I assume it to be equivalent because of LEDBAT's eager backoff, but it'd still be a cool thing to read

I haven't seen anything. They're both based primarily on RTT round trip time instead of packet loss %. So they should share roughly equally.

The big innovation around these new schedulers is focusing on fairness instead of maximum throughout. For the longest time TCP flow control was judged only by how close it reached to theoretical maximum throughout.

So we ended up with extremely aggressive schedulers. The challenge now is to make a scheduler that limits bufferbloat while not surrendering all it's throughout to old school bully schedulers. This is where BRR really innovates

> Unfortunately its only for TCP, so usefulness is somewhat limited outside the datacentre.

Also works nicely for p2p protocols that have to connect to peers on other continents.
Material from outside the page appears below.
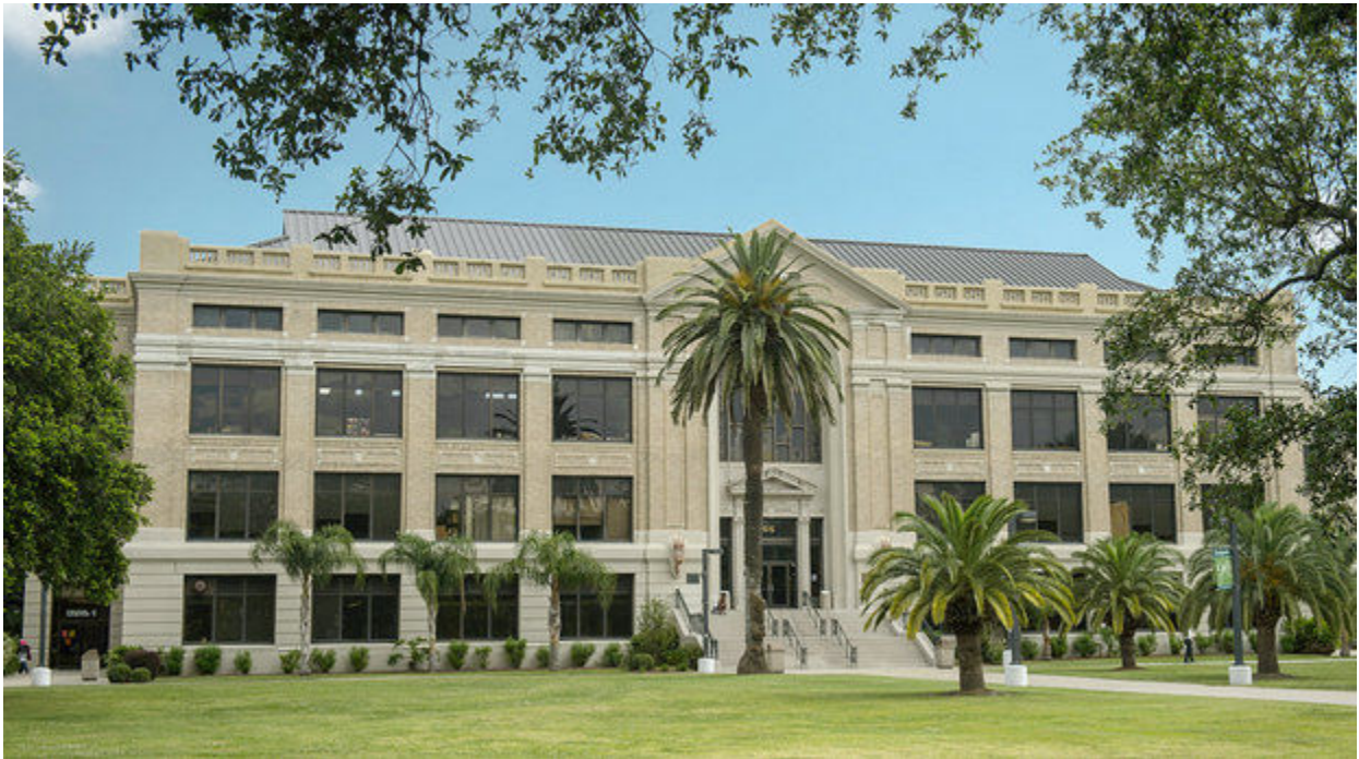
Isaac Delgado Hall, at the Delgado Community College campus near City Park. The college announced plans to build a $15 million dollar campus on the West Bank in Jefferson Parish.

For anyone else who didn't know, BBR stands for "Bottleneck Bandwidth and RTT", and is a congestion control algorithm.

More (but not much) information is available on Google's BBR repository: https://github.com/google/bbr

The improved ss output mentioned in the paper has helped me immensely tracking down what was limiting the upload speed from a corporate net to AWS. Turned out no middleboxes were to blame, just a misconfiguration in nginx (receiving side) limiting the http2 send window (sender side). Yes, http2 has a separate send window on top of tcp. Yet another source of errors.

Yes, it has. And it's one of the prime reasons HTTP/2 is slower for lots of applications than pure HTTP/1.1.

The tricky part of HTTP/2 is that you now have 2 flow control algorithms running on top of each other. And they are rather good at harming the other one instead of cooperating. E.g. a too small HTTP window can lead to poor performance as you observed. However a too big HTTP window can lead to excessive buffering in the application for HTTP/2 streams.

It's a rather hard challenge to get to a good compromise solution here (and not a lot of people have arrived there yet).

In doubt the rule of thumb is to use HTTP/2 for small requests where the benefit of multiplexing is biggest. And stick to HTTP/1.1 (a non multiplexed TCP connection) for high throughput.

> In doubt the rule of thumb is to use HTTP/2 for small requests where the benefit of multiplexing is biggest. And stick to HTTP/1.1 (a non multiplexed TCP connection) for high throughput.

Alas, if you want to upload the browser doesn't let you choose, so you would have to set up another host or port.

This is fixed on HTTP/3

How do you define "fixed"? Quic still defines per stream plus per connection flow control windows, on top of the lower level congestion control algorithm.

HTTP/3 is built with TLS 1.3 and have faster handshake.

Second - HTTP/3 define some "idle" state of connections like 30 seconds or even more. So you can download something and then nothing. Here HTTP 0.9/1.0/1.1 and /2 closes connections. On HTTP/3 it was set to idle - nor closed. And let say after 15 sec you need new resource. On HTTP/3 connection flow continue where was stopped. On previous versions you must make TLS handshake and then to make new request. This mean performance penalty because congestion control will start with values similar to 0.

This is pretty much unrelated to the discussion earlier on (which was about the interaction of different flow control mechansisms). But nevertheless one answer that tries to clear up some misunderstandings:

You can reuse connections with every HTTP version up from HTTP/1.1. The main difference between HTTP/1.1 and HTTP/2 and /3 is that you can't make concurrent requests on a single connection with HTTP/1.1, but you can with /2 and /3.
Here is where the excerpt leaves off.